To substantiate the quality of the mBOs generated with the improved protocol, we performed bulk transcriptomic analyses on mBOs derived from WT E14TG2α mESCs, analyzing them at different time points during development. Analysis of differentially expressed genes (DEGs) identified 3,083 genes that were significantly upregulated from day 3 to day 14 (padj <0.01; log2FC > 1), while 914 genes were downregulated (padj <0.01; log2FC < −1). Functional annotation analysis of the upregulated DEGs confirmed that our culture conditions induced transcriptional programs related to neurogenesis, highlighting Gene Ontology (GO) terms related to nervous system development, axon guidance, neuron fate specification, and forebrain neuron differentiation (Figure 1C). The transcriptomic data also showed progressive upregulation of pan neuronal markers such as Map2, NeuN, Ncam1 and Dcx, as well as genes related to axon guidance (Dpysl4 and Dpysl5, Robo2) and neurite outgrowth (Ncan) during the process of mBO formation (Figure 1D; Supplementary Table S2). Upregulation of some of these DEGs associated with neuronal identity was further validated by qRT-PCR (Supplementary Figure S2). This upregulation was particularly striking in genes related to the organization of the cortical plate, such as Foxg1 and Lhx2, whereas markers of the caudal brain (Gbx2 and Lmx1a) or cerebellum (Pcp2) remained low (Figure 1E). Concomitantly, pluripotency genes such as Pou5f1, Zscan10 or Lin28A were downregulated from day 3 to day 14 (Figures 1D, E; Supplementary Figure S2; Supplementary Table S2), together with genes associated with cell cycle progression and DNA synthesis, indicating a decrease in stem and proliferative cells. Some of the most prominent signaling pathways involved in neural induction and development include Notch, Sonic Hedgehog and Wnt (Manzari-Tavakoli et al., 2022). As expected, these signaling pathways were activated during the differentiation process and generation of mBOs, as shown by the upregulation of genes directly involved in signal transduction (Shh and Notch1), as well as some of their target genes (Emx2, Ascl1 or Neurogenin), involved in neural development (Figures 1C–E).

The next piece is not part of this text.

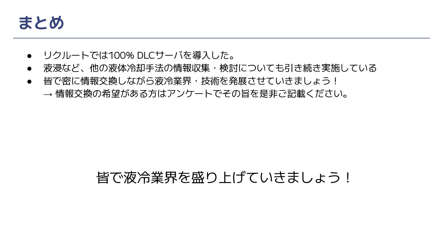 まとめ • リクルートでは100% DLCサーバを導入した。 • 液浸など、他の液体冷却手法の情報収集・検討についても引き続き実施している • 皆で密に情報交換しながら液冷業界・技術を発展させていきましょう! → 情報交換の希望がある方はアンケートでその旨を是非ご記載ください。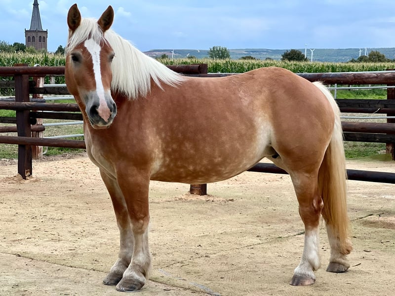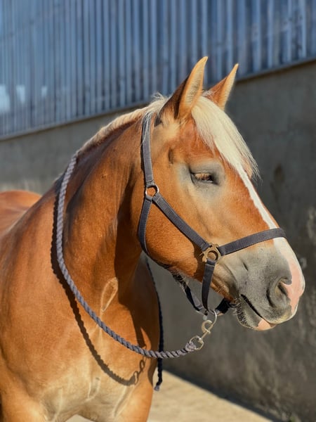 Aufgrund persönlicher Umstände suche ich schweren Herzens ein neues, liebevolles Zuhause für meine Rheinische Deutsche Kaltblutstute Heidi. Heidi wurde im Juni 2019 geboren und wird in diesem Sommer 7 Jahre alt. Sie misst knapp 1,60m. Sie läuft sowohl barhuf als auch beschlagen problemlos. Aktuell steht Heidi in einer Offenstallgruppe und ist E-Zaun-sicher. In der Herde zeigt sie sich eher rangniedrig und geht Konflikten lieber aus dem Weg. Heidi ist im Gelände angeritten und zeigt sich auch auf dem Reitplatz sehr motiviert und lernwillig. Zudem wurde sie bereits eingespannt und hat beispielsweise die Reithalle abgezogen. Auch dabei war sie stets arbeitsfreudig, zuverlässig und motiviert. Sie ist sehr händelbar, geländesicher und menschenbezogen. Aufgrund ihres ruhigen Wesens kann ich mir sehr gut vorstellen, dass sie ein verlässliches Kutschpferd wird. In den letzten Jahren war Heidi außerdem regelmäßig bei Kindergeburtstagen im Einsatz. Dabei zeigte sie sich immer tiefenentspannt, geduldig und genoss die Aufmerksamkeit der Kinder. Auch eine Tätigkeit als Therapiepferd könnte ich mir für sie sehr gut vorstellen. Heidi liegt mir sehr am Herzen. Daher wünsche ich mir für sie nicht nur ein neues Zuhause, in dem sie gut versorgt wird, sondern einen Platz, an dem sie geliebt und als Teil der Familie angesehen wird.

Altogether, this confirmed that our optimized protocol promoted neural development and differentiation, leading to the generation and organization of mature cortical neurons from mPSCs. Therefore, we have fine-tuned and improved a protocol to generate mBOs by implementing changes in the initial cell number and the cocktail of factors used to induce neural commitment. This resulted in a rapid, affordable and highly reproducible protocol for the generation of mBOs from both induced and embryonic mPSCs.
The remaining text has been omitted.